System Design

A comprehensive guide to system design interviews — frameworks, core concepts, and technologies you need to know.

1How to Prepare

1Study 10-15 classic system design problems (URL shortener, chat system, news feed, etc.) and understand the patterns they share.
2Learn the building blocks: load balancers, caches, databases, message queues, CDNs. Know when and why to use each.
3Practice back-of-the-envelope estimation — QPS, storage, bandwidth calculations.
4Read engineering blogs from companies like Netflix, Uber, Airbnb, and Meta to see real-world system design in action.
5Practice drawing diagrams and explaining them out loud. Communication is half the interview.

2Interview Walkthrough

Clarify Requirements

Ask about functional requirements (what the system should do) and non-functional requirements (scale, latency, availability, consistency). Nail down the scope before designing anything.

Define Core Entities

Identify the main data entities (e.g., User, Post, Order) and their relationships. This grounds your design in concrete data.

Design the API

Define the key API endpoints or interfaces. This clarifies what the system exposes and how clients interact with it.

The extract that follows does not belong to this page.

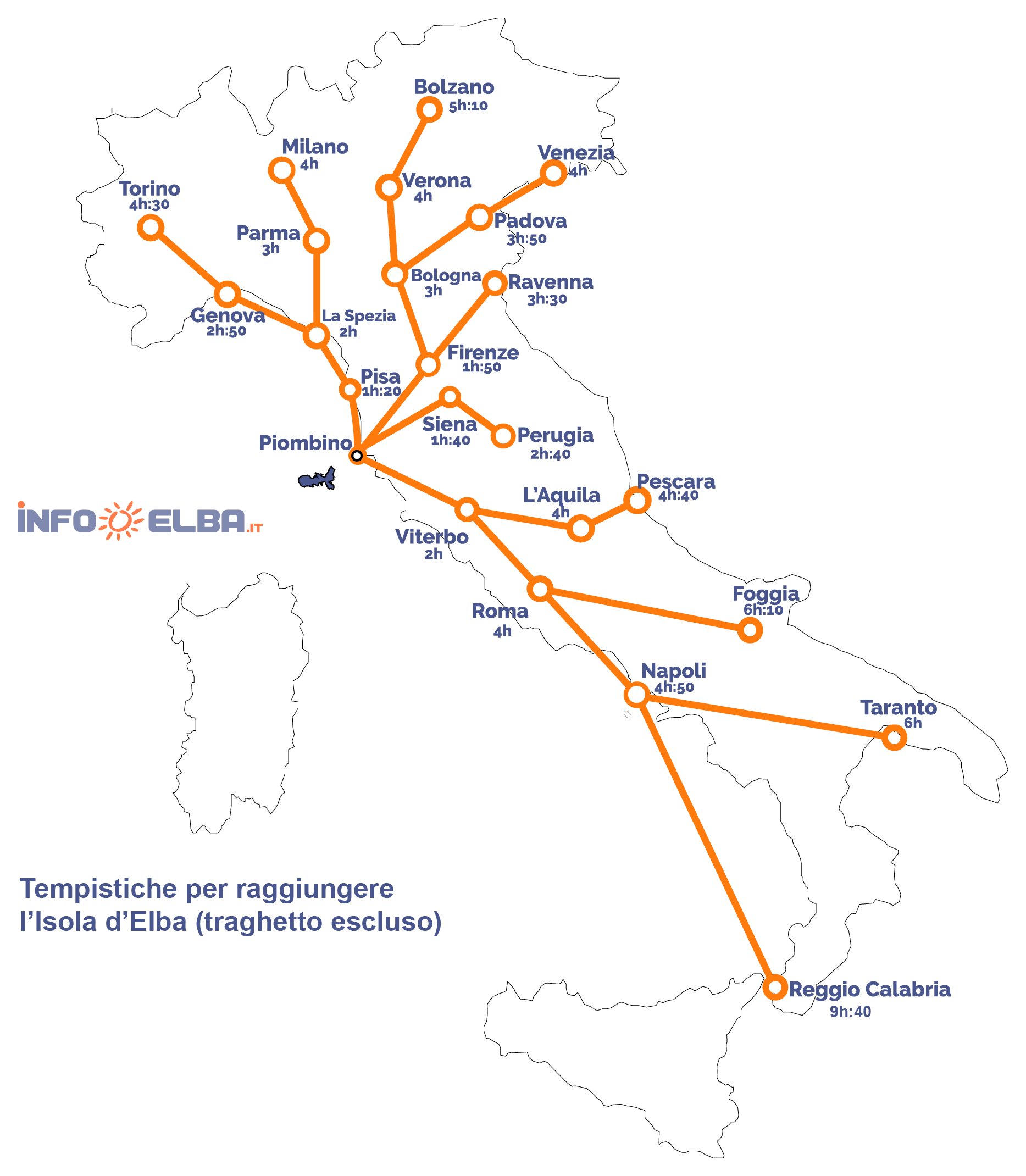Da Torino prendere l’autostrada A21 direzione Alessandria, prendere l’uscita per la A26 “Alessandria sud” direzione Genova. Continuare sulla A10 direzione “Genova/Livorno”, quindi prendere l’uscita A12 verso “Genova Est/Livorno”. Proseguire fino a Rosignano Marittimo, quindi uscire e prendere la SS1 – Via Aurelia direzione Grosseto, uscire a “Venturina – Isola d’Elba” e proseguire per Piombino Marittima /Imbarchi.
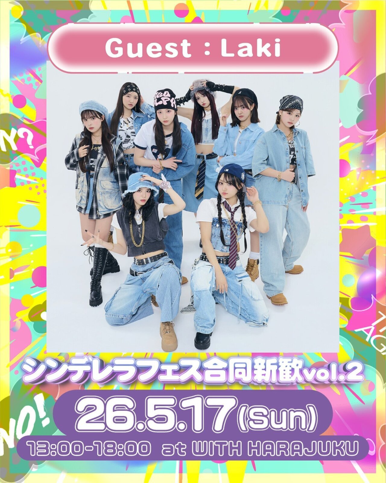 Laki 2026.04.23 NEW 【Laki】5/17(日)開催『シンデレラフェス合同新歓vol.2』に出演! 5/17(日)にWITH HARAJUKU HALLで開催される、『シンデレラフェス合同新歓vol.2』にLakiの出演が決定しました! 当日のパフォーマンスをお楽しみに!! 是非チェックしてください! 『シンデレラフェス合同新歓vol.2』 【日程】 2026/5/17(日)13:00〜18:00 【会場】 WITH HARAJUKU HALL ※来場対象15歳〜22歳の女子限定 ※入場料:無料 ※事前予約が必須です。

Draw High-Level Architecture

Sketch the main components: clients, load balancers, application servers, databases, caches, message queues. Show how data flows through the system.

Deep Dive into Components

Pick 1-2 components to zoom into based on interviewer interest. Discuss database schema, caching strategy, or how a specific service works internally.

Discuss Trade-offs

Every design decision has trade-offs. Discuss consistency vs availability, SQL vs NoSQL, synchronous vs asynchronous processing, and why you chose what you chose.

3Common Mistakes

1Jumping into the solution without clarifying requirements first.
2Over-engineering the design — adding components you can't justify.
3Ignoring non-functional requirements like scalability and fault tolerance.
4Not discussing trade-offs — every choice should have a 'why'.
5Staying too high-level and never diving deep into any component.
6Forgetting about data storage — how and where is data persisted?

4Tips

✓Always start with requirements — never jump into drawing boxes.
✓Drive the conversation. The interviewer wants to see you lead.
✓Use real numbers — 'We need to support 10M DAU' is better than 'a lot of users'.
✓Name specific technologies when discussing components (e.g., 'Redis for caching' not just 'a cache').
✓Draw clean diagrams — label everything, show data flow direction.
✓Time-box each section: ~5 min requirements, ~5 min high-level, ~15 min deep dive, ~5 min trade-offs.

Concepts You Should Know

Scalability & Load Balancing

How systems handle increasing load by scaling horizontally or vertically, and how load balancers distribute traffic.

•What is horizontal vs vertical scaling?
•How do load balancers work? (Round-robin, least connections, IP hash)
•What is auto-scaling and when do you use it?
•How do you handle stateful services behind a load balancer?

Caching

Storing frequently accessed data in fast storage to reduce latency and database load.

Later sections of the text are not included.